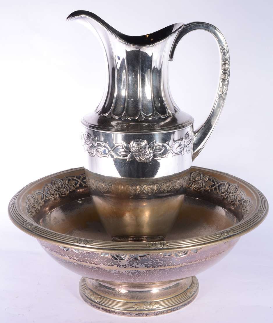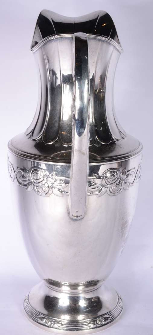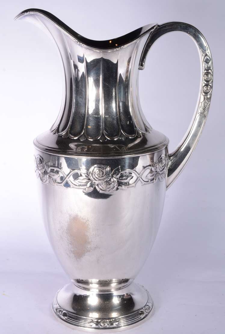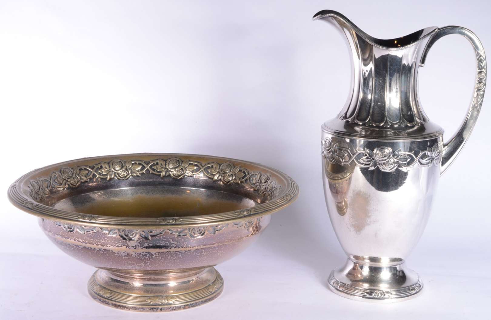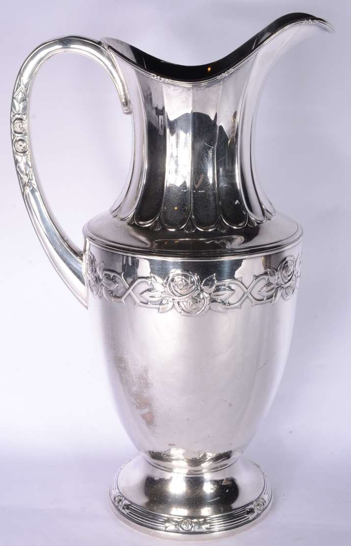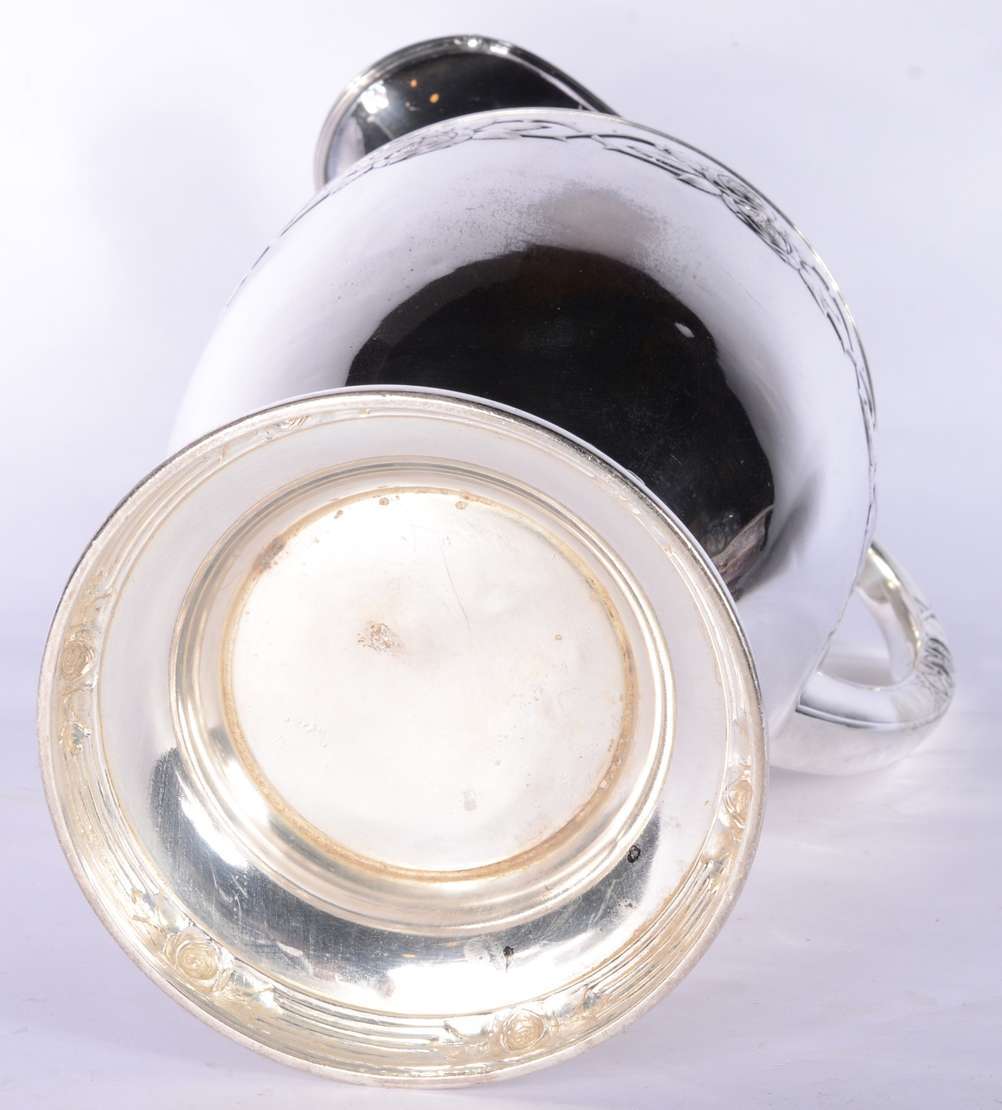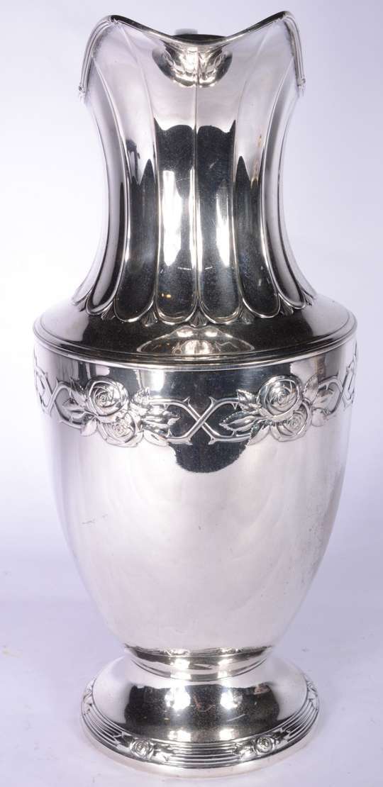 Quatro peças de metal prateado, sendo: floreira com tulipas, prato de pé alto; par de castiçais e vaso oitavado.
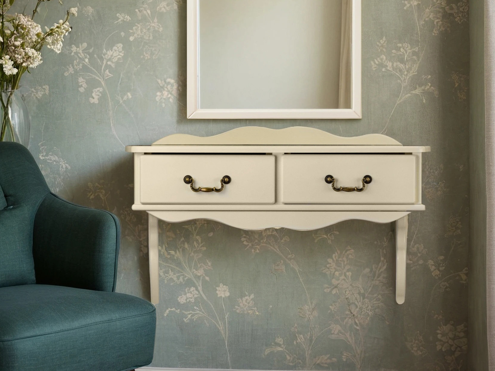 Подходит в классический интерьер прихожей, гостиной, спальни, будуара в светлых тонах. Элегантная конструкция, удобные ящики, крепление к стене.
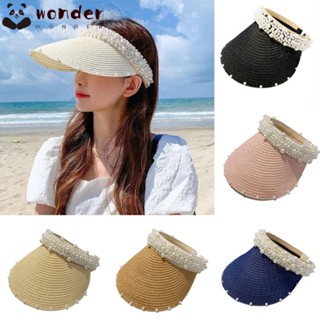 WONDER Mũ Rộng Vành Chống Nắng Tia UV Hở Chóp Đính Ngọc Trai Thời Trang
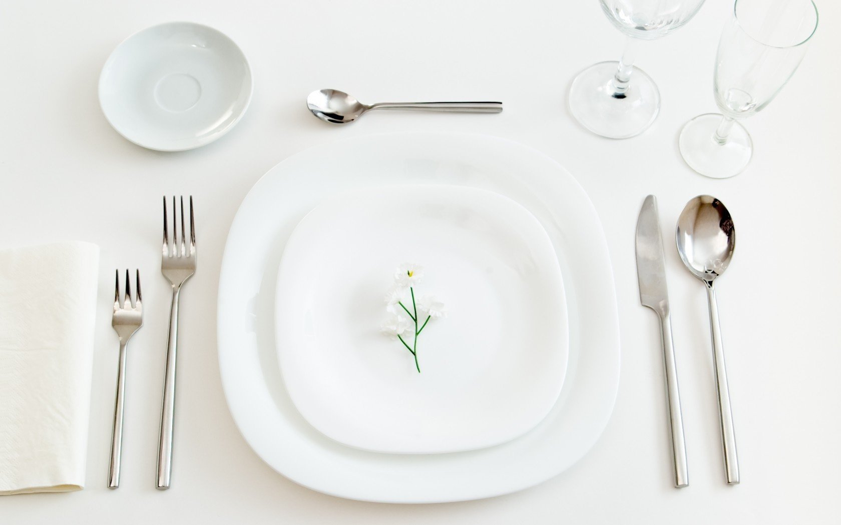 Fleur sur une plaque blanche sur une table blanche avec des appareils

• **Task details**: Drop the pictures, then reproduce exactly the lines from the one with "Подходит в классический" through the final line of the listing.

• **Solution for this task**:
 Подходит в классический интерьер прихожей, гостиной, спальни, будуара в светлых тонах. Элегантная конструкция, удобные ящики, крепление к стене.
 WONDER Mũ Rộng Vành Chống Nắng Tia UV Hở Chóp Đính Ngọc Trai Thời Trang
 Fleur sur une plaque blanche sur une table blanche avec des appareils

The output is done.